From the line containing "Aksu ilçesine bağlı" through the end of the material below, output each line exactly as written, with pictures excluded.
-------- Dataset extract --------
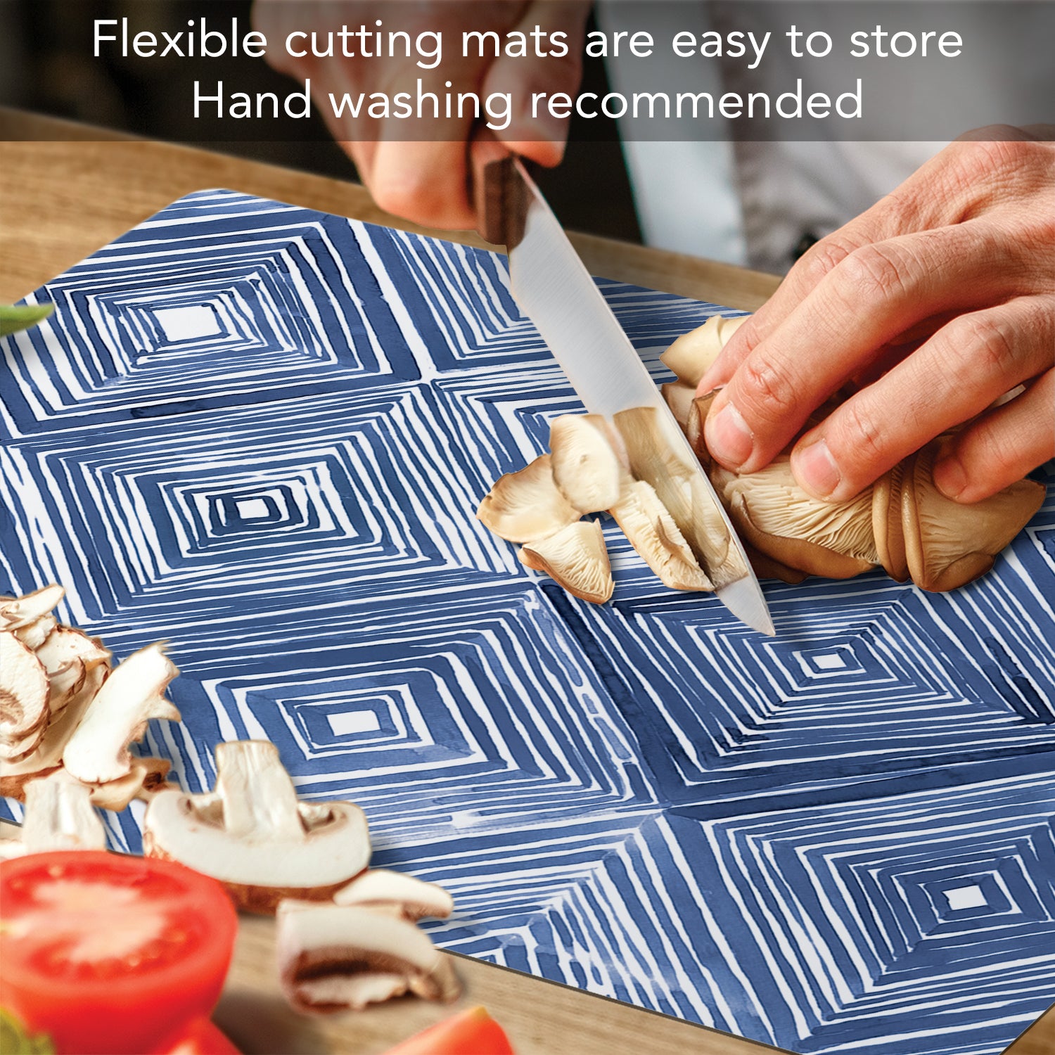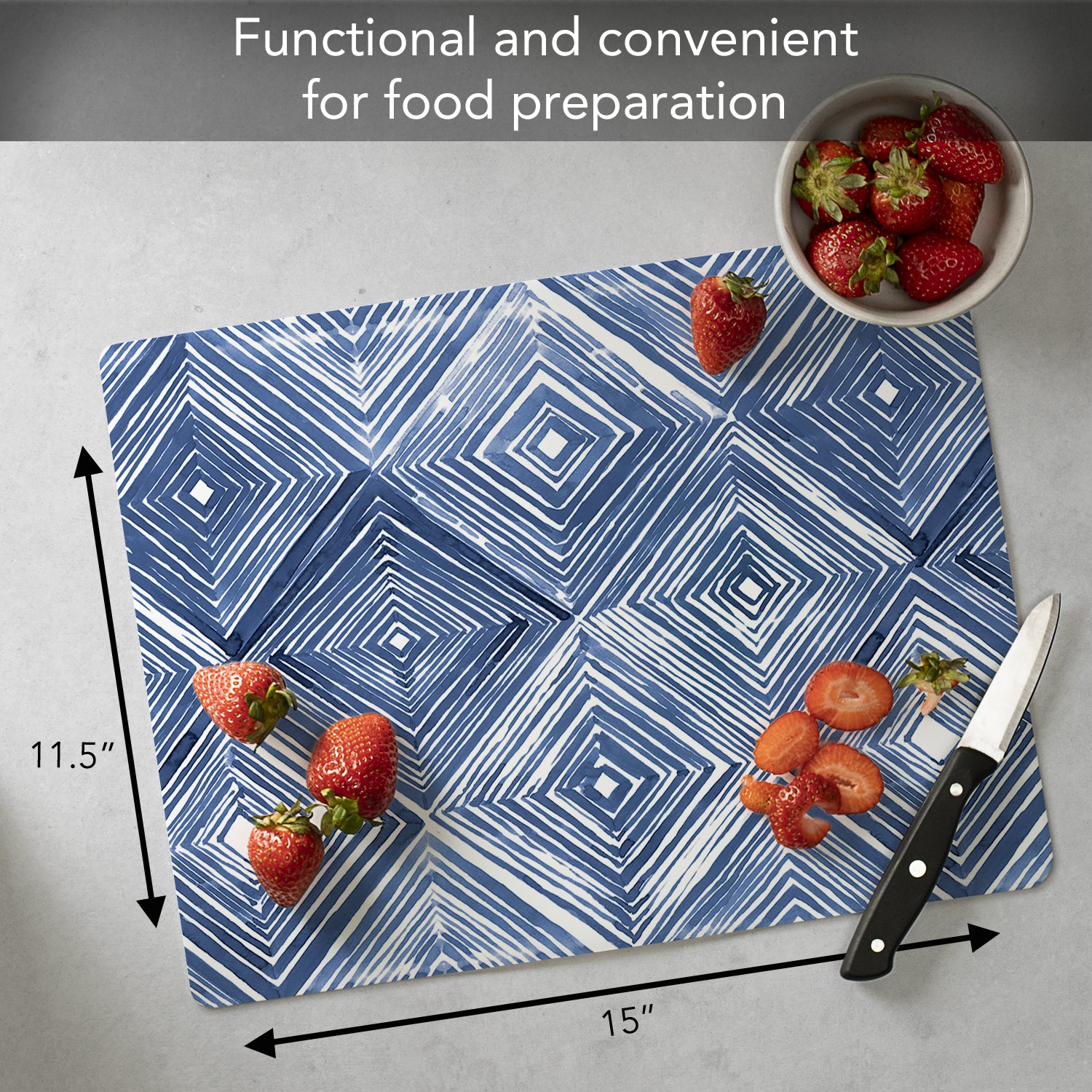 Cut N' Funnel Shibori Blues Designer Flexible Plastic Cutting Board Mat 15" x 11.5"
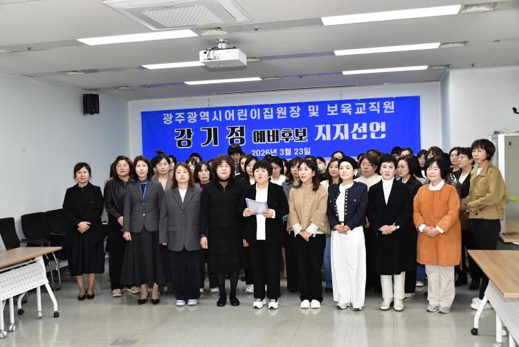 ±¤ÁÖ±¤¿ª½Ã¾î¸°ÀÌÁý¿¬ÇÕȸ¸¦ ºñ·ÔÇÑ Áö¿ª ³» º¸À° °ü·Ã ´Üü¿Í º¸À°±³Á÷¿ø 5,648¸íÀº 23ÀÏ ÁöÁö¼±¾ð¹®À» ¹ßÇ¥ÇÏ°í ¡°°±âÁ¤ È帴 ±×µ¿¾È º¸À° ÇöÀåÀÇ º¯È¸¦ À̲ø¾î¿Â Ã¥ÀÓ ÀÖ´Â ¸®´õ¡±¶ó¸ç ¡°ÅëÇÕÆ¯º°½ÃÀåÀ¸·Î¼ ´õ Å« ¿ªÇÒÀ» ¼öÇàÇÒ ÀûÀÓÀÚ¡±¶ó°í ¹àÇû´Ù.
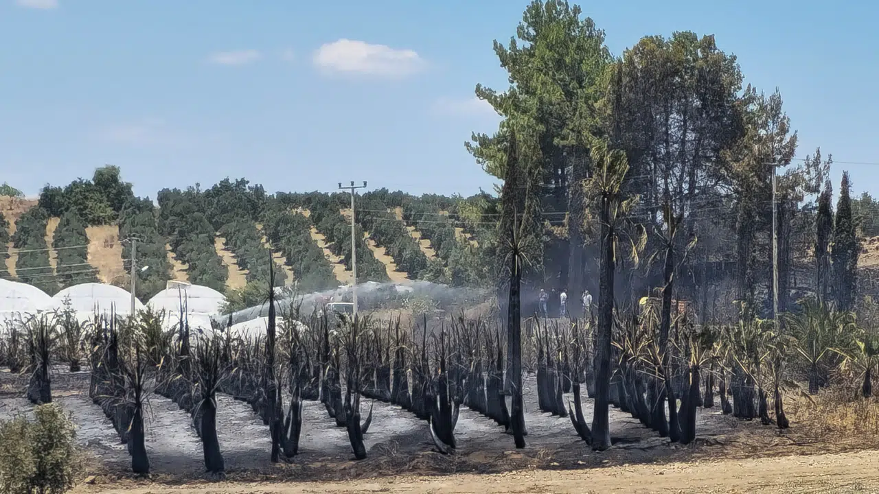 Aksu ilçesine bağlı Kurşunlu Mahallesi Hacılar mevkii Mehmet Akif Caddesi'nde meydana gelen yangın, bölge sakinlerini korkuttu. Yangında zeytinlik ve palmiye ağaçları zarar görürken, rüzgarın etkisiyle alevler çevredeki seralara sıçradı. İlk belirlemelere göre 3 naylon serada hafif hasar meydana geldi. Ayrıca bölgede bulunan bir çadır içindeki malzemeler de yandı.
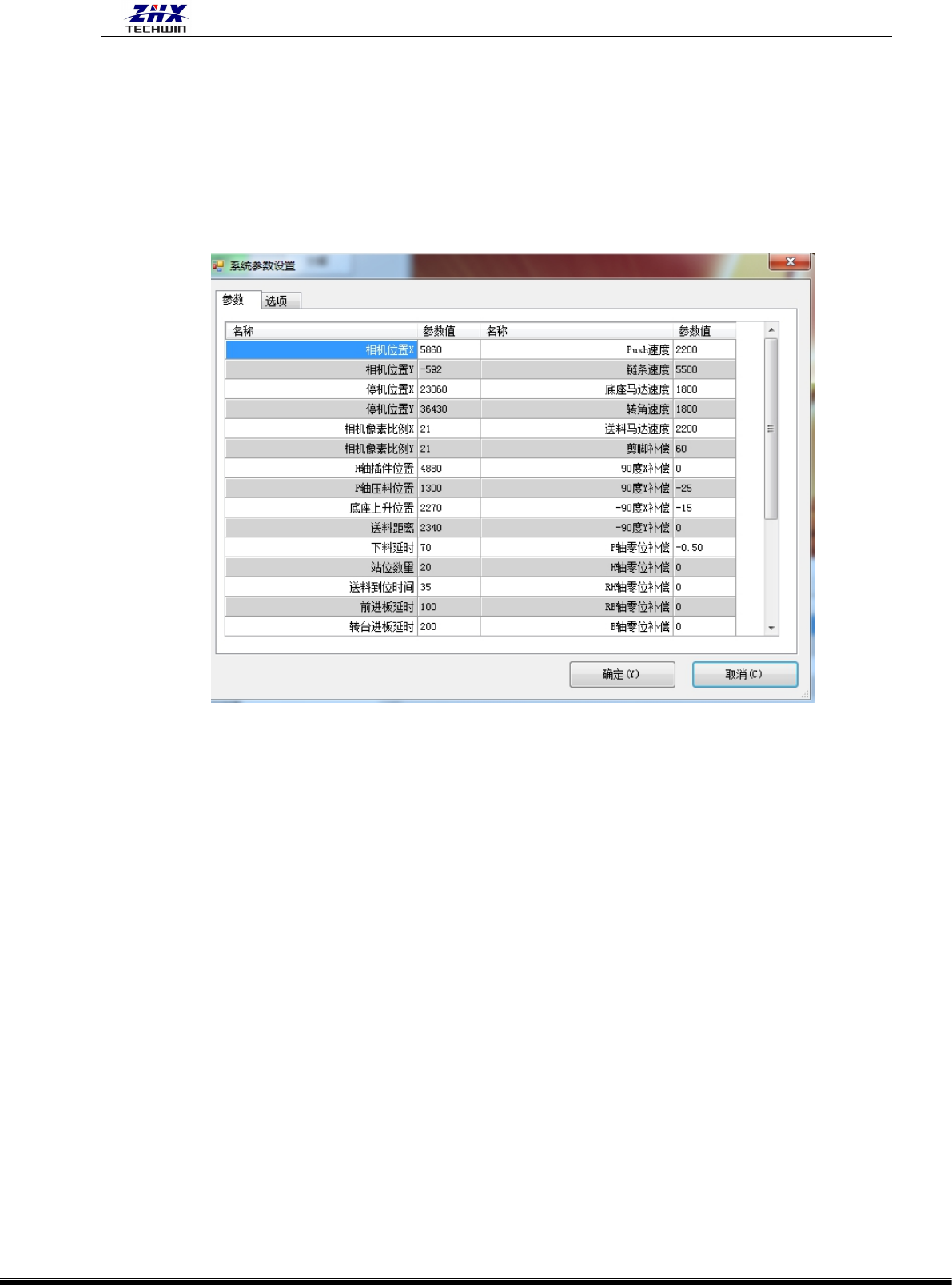 确定: 保存修改好的参数。
--------
**Output for this exercise:**
 Aksu ilçesine bağlı Kurşunlu Mahallesi Hacılar mevkii Mehmet Akif Caddesi'nde meydana gelen yangın, bölge sakinlerini korkuttu. Yangında zeytinlik ve palmiye ağaçları zarar görürken, rüzgarın etkisiyle alevler çevredeki seralara sıçradı. İlk belirlemelere göre 3 naylon serada hafif hasar meydana geldi. Ayrıca bölgede bulunan bir çadır içindeki malzemeler de yandı.
 确定: 保存修改好的参数。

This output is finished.